The report, "Survey of Business Owners: Black-Owned Firms: 2002," says that between 1997 and 2002, the number of black-owned businesses in the United States rose 45 percent to 1.2 million, while the combined revenue increased 25 percent to $88.8 billion.
"It's encouraging to see not just the number but the sales and receipts of black-owned businesses are growing at such a robust rate, confirming that these firms are among the fastest growing segments of our economy," said Census Bureau Director Louis Kincannon.
Slated for release today, the report also shows a significant if not quite as dramatic increase in local black business ownership. It found 4,363 black-owned firms in the Pittsburgh metropolitan area as of 2002, up 38.8 percent from 3,142 in 1997. Revenue figures for the metro area, which includes Allegheny, Armstrong, Beaver, Butler, Fayette, Washington and Westmoreland counties, were not available.
Doris Carson Williams, president of the African American Chamber of Commerce of Western Pennsylvania, found the Census Bureau figures encouraging but not surprising.
As blacks join the numbers of those being downsized by corporations, she said, "more and more have found that entrepreneurship is a viable option for them.
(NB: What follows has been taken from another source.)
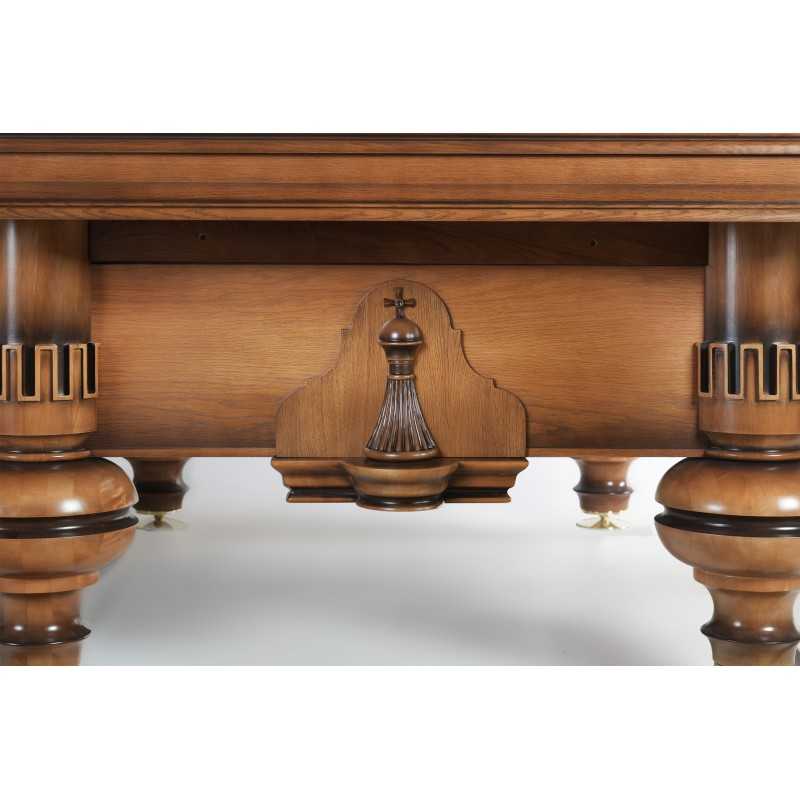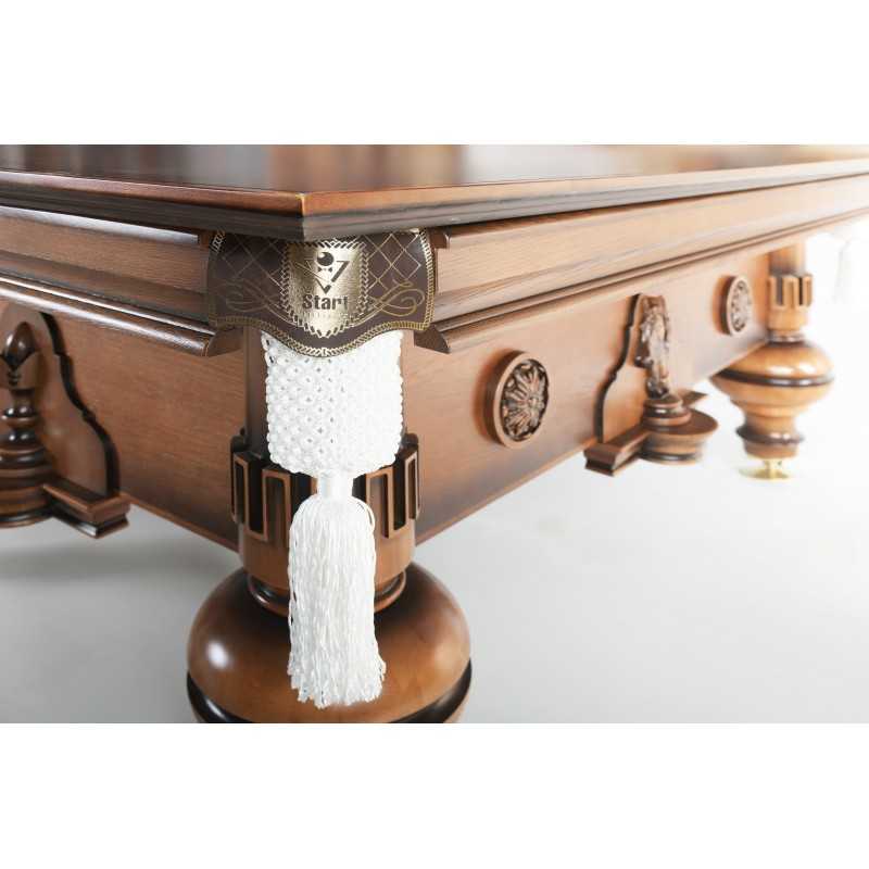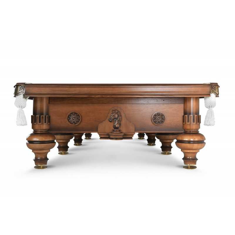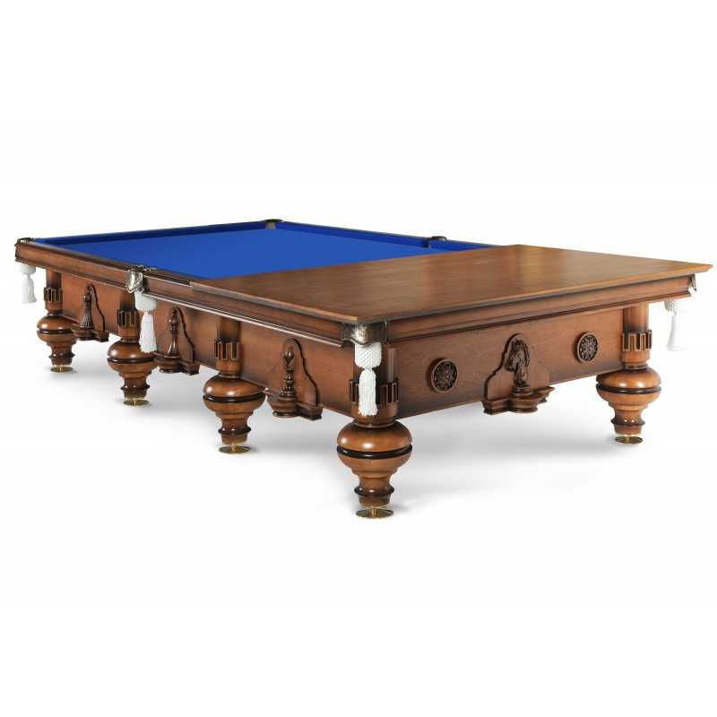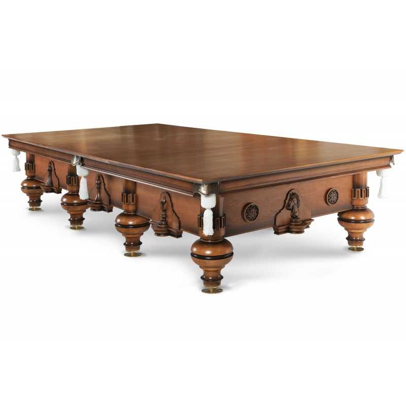 Эксклюзивность комплектующих и натуральные природные материалы и уникальные технологии изготовления. В построении используется технология безупречного крепления борта к плите - Mount Perfect, которая гарантирует повышенную жесткость конструкции. Лузы отделаны геральдическим тиснением, сетки ручного плетения. Стол укомплектован сукном Manchester 70 wool Yellow green competition. Лузы отделаны кожей ручной работы. Сетка х/б, большая. Скобы латунные. | 10 | 2,84х1,42 | Сланец "Orero" 40 мм | 38967 |

They don't want to go through the corporate menagerie again."
Both local and national figures show the greatest numbers of black-owned businesses in the fields of health care and social assistance.
Other categories with a strong presence of black-owned businesses include retail; professional, scientific and technical services; and transportation and warehousing.
New York City had more black-owned firms than any other city at 98,076, followed by Chicago (39,424), Los Angeles (25,958), Houston (21,226), and Detroit (19,530).
Among states, New York had the greatest number of black-owned firms with 129,324, followed by California (112,873), Florida (102,079), Georgia (90,461) , and Texas (88,769). These five states accounted for about 44 percent of all black-owned businesses in the United States. Pennsylvania had 24,757.